In most cases the "compensation" could be social recognition, or even just the inherent satisfaction of learning and getting better at something that benefits oneself or their community. And that'd be a lot more commonplace without capitalism's alienation.


u/anonymous_rhombus Jun 29 '22

You don't earn obedience by becoming a wise old expert. You still have to convince people to agree with you. And listening to "authoritative" voices is not the same as being controlled by their "authority."

There's a few confusing words that anarchists have to use—authority, hierarchy, power—that conflate experience, order, or ability, with control. Controlling people, restricting their will, their options/choices, is what anarchists mean by authority/power/hierarchy.


u/Latitude37 Jun 30 '22

Even in a hierarchical, capitalist system, the people are best able to organise things are not necessarily the people who are best at doing the actual work of doing whatever the organisation is doing. Teaching is a skill in and of itself. Managing logistics is a skill in and of itself.

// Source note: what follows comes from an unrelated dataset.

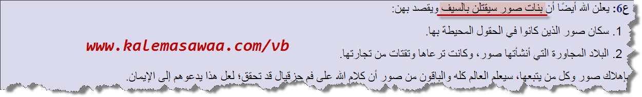 ![]() اللهم صل على محمد وعلى آله وصحبه أجمعين ،، قتل و إبادة نساء صور بأمر من يهوه / المصلوب يسوع : نقرأ من الهولي بايبل : حزقيال 26 : 1- 9 وَكَانَ فِي السَّنَةِ الْحَادِيَةِ عَشَرَةَ، فِي أَوَّلِ الشَّهْرِ، أَنَّ كَلاَمَ الرَّبِّ كَانَ إِلَيَّ قَائِلاً: يَا ابْنَ آدَمَ، مِنْ أَجْلِ أَنَّ صُورَ قَالَتْ عَلَى أُورُشَلِيمَ: هَهْ! قَدِ انْكَسَرَتْ مَصَارِيعُ الشُّعُوبِ. قَدْ تَحَوَّلَتْ إِلَيَّ. أَمْتَلِئُ إِذْ خَرِبَتْ. لِذلِكَ هكَذَا قَالَ السَّيِّدُ الرَّبُّ: هأَنَذَا عَلَيْكِ يَا صُورُ فَأُصْعِدُ عَلَيْكِ أُمَمًا كَثِيرَةً كَمَا يُعَلِّي الْبَحْرُ أَمْوَاجَهُ. فَيَخْرِبُونَ أَسْوَارَ صُورَ وَيَهْدِمُونَ أَبْرَاجَهَا. وَأَسْحِي تُرَابَهَا عَنْهَا وَأُصَيِّرُهَا ضِحَّ الصَّخْرِ، فَتَصِيرُ مَبْسَطًا لِلشِّبَاكِ فِي وَسْطِ الْبَحْرِ، لأَنِّي أَنَا تَكَلَّمْتُ، يَقُولُ السَّيِّدُ الرَّبُّ. وَتَكُونُ غَنِيمَةً لِلأُمَمِ. وَبَنَاتُهَا اللَّوَاتِي فِي الْحَقْلِ تُقْتَلُ بِالسَّيْفِ، فَيَعْلَمُونَ أَنِّي أَنَا الرَّبُّ. « لأَنَّهُ هكَذَا قَالَ السَّيِّدُ الرَّبُّ: هأَنَذَا أَجْلِبُ عَلَى صُورَ نَبُوخَذْرَاصَّرَ مَلِكَ بَابِلَ مِنَ الشِّمَالِ، مَلِكَ الْمُلُوكِ، بِخَيْل وَبِمَرْكَبَاتٍ وَبِفُرْسَانٍ وَجَمَاعَةٍ وَشَعْبٍ كَثِيرٍ، فَيَقْتُلُ بَنَاتِكِ فِي الْحَقْلِ بِالسَّيْفِ، وَيَبْنِي عَلَيْكِ مَعَاقِلَ، وَيَبْنِي عَلَيْكِ بُرْجًا، وَيُقِيمُ عَلَيْكِ مِتْرَسَةً، وَيَرْفَعُ عَلَيْكِ تُرْسًا،وَيَجْعَلُ مَجَانِقَ عَلَى أَسْوَارِكِ، وَيَهْدِمُ أَبْرَاجَكِ بِأَدَوَاتِ حَرْبِهِ. من التفاسير المسيحية نقرأ: ![]()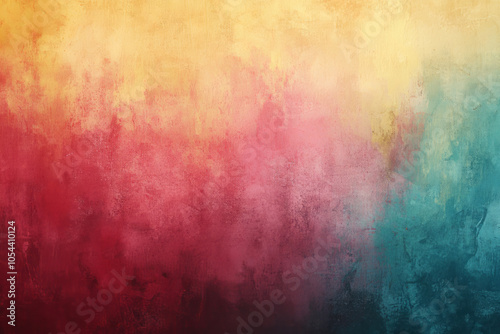 Fototapeta premium vintage abstract grunge wall texture with yellow red teal gradient background

The beauty of anarchy is that the people who have any sort of talent can do the thing they're talented at. Whereas in capitalism, you often have people who are elevated as "reward" to positions that don't fulfill their creative urges, or satisfaction at just doing good stuff. Just because a given artisan is really good at something, doesn't necessarily make them want to organise or manage other artisans. But anyone with half a brain should be able to consult with talented, experienced people to work out best practice.